Assigned task
An exact copy of every entry is needed, with no images.

Data excerpts:

↓↓↓

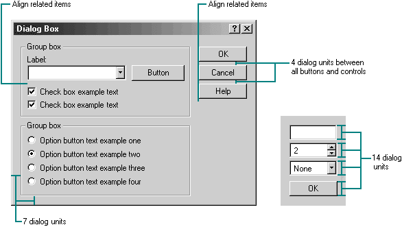 Рис. 15. Рекомендуемое расположение элементов интерфейса (1 DLU = 2 пикселя (мелкий шрифт), Командные кнопки следует располагать прижатыми к правому краю. Расстояние между соседними кнопками должно быть 8 пикселей. Кнопка «ОК», либо кнопка «Старт», должна располагаться рядом с кнопкой «Отмена». Если случайное нажатие на кнопку «ОК», либо кнопку «Старт», может привести к ошибочным действиям программы, то в таком приложении кнопкой «По умолчанию» (Default), следует назначить кнопку «Отмена» либо «Выход». Каждой функциональной кнопке, требуется назначить клавишу быстрого доступа. Не допускается применение кнопок с пиктограммами или картинками совместно с текстом. Не рекомендуется выделять цветовой схемой элементы управления. При необходимости для привлечения внимания пользователя можно воспользоваться всплывающей подсказкой (Hint). Информация, выводимая в окнах сообщений должна полностью отражать суть произошедшей ситуации, и кроме того должна содержать краткие рекомендации по дальнейшим действиям пользователя. Допускается применение в окнах сообщений стандартных пиктограмм Windows. Не допускается применение пиктограммы, смысл которой не соответствует информации выводимой в окне сообщения.
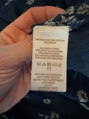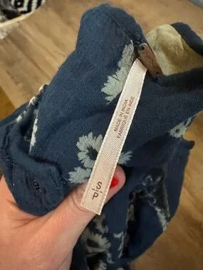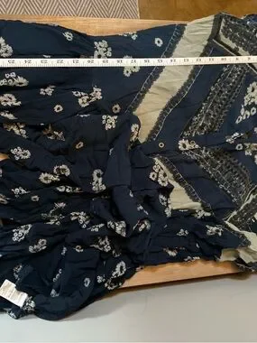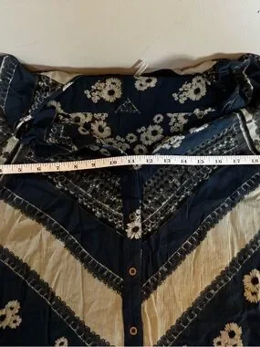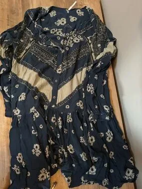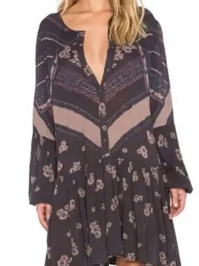 Relaxed bohemian mini dress in a flowy tiered silhouette. Black base with delicate cream floral print. Buttoned yoke and subtle chevron pattern detail. Long bell sleeves for added movement. Easy, breezy style perfect for casual outings.
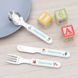 Your little ones will be eager for dinnertime with our standout Personalised Children’s Pastel Sky Cutlery set in metal, featuring fantastic illustrations which are sure to add a ray of sunshine to dinner. Your little one is growing up and beginning to eat like a big boy or girl, all by themselves, so why not treat them to their first cutlery gift set?
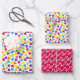 These wrapping paper sheet features multicolored hearts in a confetti pattern, with two sheets having different size hearts and the third in pink with white text / name, which can be personalised.
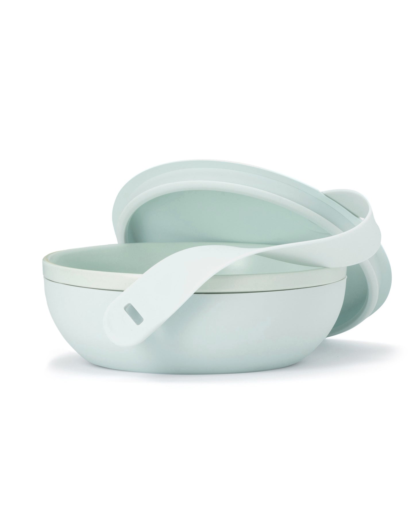 A premium ceramic lunch bowl — tote in style while a silicone strap prevents spills.

↑↑↑

Answer space
 Рис. 15. Рекомендуемое расположение элементов интерфейса (1 DLU = 2 пикселя (мелкий шрифт), Командные кнопки следует располагать прижатыми к правому краю. Расстояние между соседними кнопками должно быть 8 пикселей. Кнопка «ОК», либо кнопка «Старт», должна располагаться рядом с кнопкой «Отмена». Если случайное нажатие на кнопку «ОК», либо кнопку «Старт», может привести к ошибочным действиям программы, то в таком приложении кнопкой «По умолчанию» (Default), следует назначить кнопку «Отмена» либо «Выход». Каждой функциональной кнопке, требуется назначить клавишу быстрого доступа. Не допускается применение кнопок с пиктограммами или картинками совместно с текстом. Не рекомендуется выделять цветовой схемой элементы управления. При необходимости для привлечения внимания пользователя можно воспользоваться всплывающей подсказкой (Hint). Информация, выводимая в окнах сообщений должна полностью отражать суть произошедшей ситуации, и кроме того должна содержать краткие рекомендации по дальнейшим действиям пользователя. Допускается применение в окнах сообщений стандартных пиктограмм Windows. Не допускается применение пиктограммы, смысл которой не соответствует информации выводимой в окне сообщения.
 Relaxed bohemian mini dress in a flowy tiered silhouette. Black base with delicate cream floral print. Buttoned yoke and subtle chevron pattern detail. Long bell sleeves for added movement. Easy, breezy style perfect for casual outings.
 Your little ones will be eager for dinnertime with our standout Personalised Children’s Pastel Sky Cutlery set in metal, featuring fantastic illustrations which are sure to add a ray of sunshine to dinner. Your little one is growing up and beginning to eat like a big boy or girl, all by themselves, so why not treat them to their first cutlery gift set?
 These wrapping paper sheet features multicolored hearts in a confetti pattern, with two sheets having different size hearts and the third in pink with white text / name, which can be personalised.
 A premium ceramic lunch bowl — tote in style while a silicone strap prevents spills.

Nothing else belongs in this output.